Summer’s soon ending, but not before our last hurrah! Make this Pistachio Matcha Ice Cream for a frozen, sweet treat, this weekend.
I did some traveling the past week, first going to LA to demonstrate two recipes from Vegan Yack Attack On the Go! at the Switch4Good dairy-free athlete summit. Honestly, that experience was so damn cool because I got to work in a really intimate setting and talk one-on-one with professional athletes and Olympians. To hear them exclaim how delicious the Banana Nut Protein Bites and Cauliflower Alfredo were was awesome, considering a small percentage of them are vegan. If only I could have brought some of this pistachio matcha ice cream with me!
Second, I went to Salt Lake City, Utah for the first time ever (both city AND state)! It was just for a day and a half, but the cooler weather was a nice reprieve from Vegas. Luckily, it was enough time to grab a delicious, vegan chocolate croissant from Eva’s Bakery, downtown. I’d like to go check out more of their vegan scene the next time I’m there!
But, before I went to either of those places, I made sure to whip up this refreshing and easy-to-make batch it pistachio matcha ice cream. Inspired by the leftover coconut milk and pistachios I had from another project, I thought adding matcha could only be amazing. I was right!
Matcha can be a little bitter when you over-do it, so I find the balance of sweet and creamy with a hint of matcha and nutty pistachio is perfect! Paired with a rich coconut milk and you have yourself a beautifully decadent and smooth vegan ice cream.

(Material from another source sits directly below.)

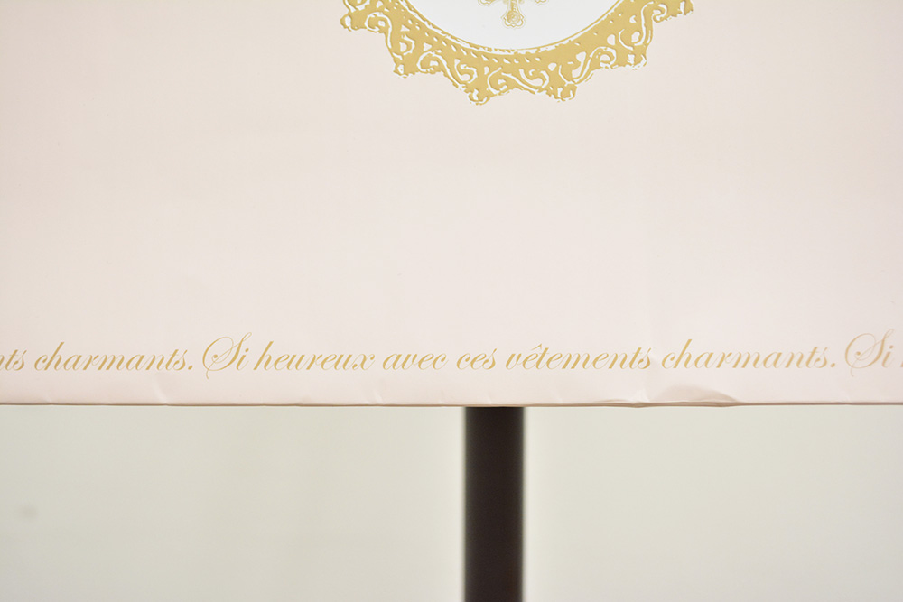 肩にかけれる程大きい紙袋で、一面淡いピンクでシンプルに真ん中にロゴが入っています。

Now, we can all reap the benefits of this super-creamy, subtly sweet ice cream. Mmm.. OH! And before I forget, it’s the last day to vote in the VegNews Veggie Awards! If you have a moment, please vote for me in the best blog and cookbook categories. Thank you SO, so much for your continued support!
- 1 1/2 cups ( ml) water
- 1 cup (235 ml) coconut cream or full-fat coconut milk
- 1 cup shelled roasted salted pistachios
- 1 cup (235 ml) agave nectar or maple syrup
- 1 tablespoon (8 g) culinary-grade matcha green tea powder
- 1 teaspoon vanilla extract
- 1 teaspoon lemon juice
- 1/2 teaspoon xanthan gum, optional
- 1/4 teaspoon salt
- Sliced strawberries, for serving
- Place water, pistachios, coconut cream, maple syrup/agave nectar, matcha, vanilla, lemon juice, xanthan gum, and salt in a blender. Puree until completely smooth; like, VERY smooth. This may mean that you blend once, allow the broken up pistachios to soak up some liquid, then blend again, so that it breaks down.
- Ice cream maker: Now, you can either transfer to an ice cream maker, and run it for 25 minutes, then enjoy as soft serve, or freeze for an additional 20 minutes to harden. When you go to store it in the freezer again, make sure the next time you take it out, you allow it to defrost for 5 to 10 minutes to get a good scoop. Top with strawberries and enjoy!
- No-churn: Transfer ice cream base to a gallon-sized zip bag, and freeze until firm. Break the ice cream slab up into chunks and place it in your food processor, process with an s-blade until creamy, then return to the freezer for 30 minutes. Top with sliced strawberries and enjoy!
- You can find xanthan gum in most baking aisles or near specialty flours, but if you cannot find it, replace with 1 tablespoon arrowroot. It will not be as fluffy, but it will help.
- I have an ice cream maker similar to this one that I absolutely LOVE!
Nutrition Information:Yield: 6
Amount Per Serving: Calories: 343Total Fat: 16gSaturated Fat: 7gTrans Fat: 0gUnsaturated Fat: 8gCholesterol: 0mgSodium: 217mgCarbohydrates: 50gFiber: 2gSugar: 45gProtein: 5g
The nutrition information is calculated by a plug-in, and isn't always accurate. Please calculate your own with the products that you use, as it will be different for everyone.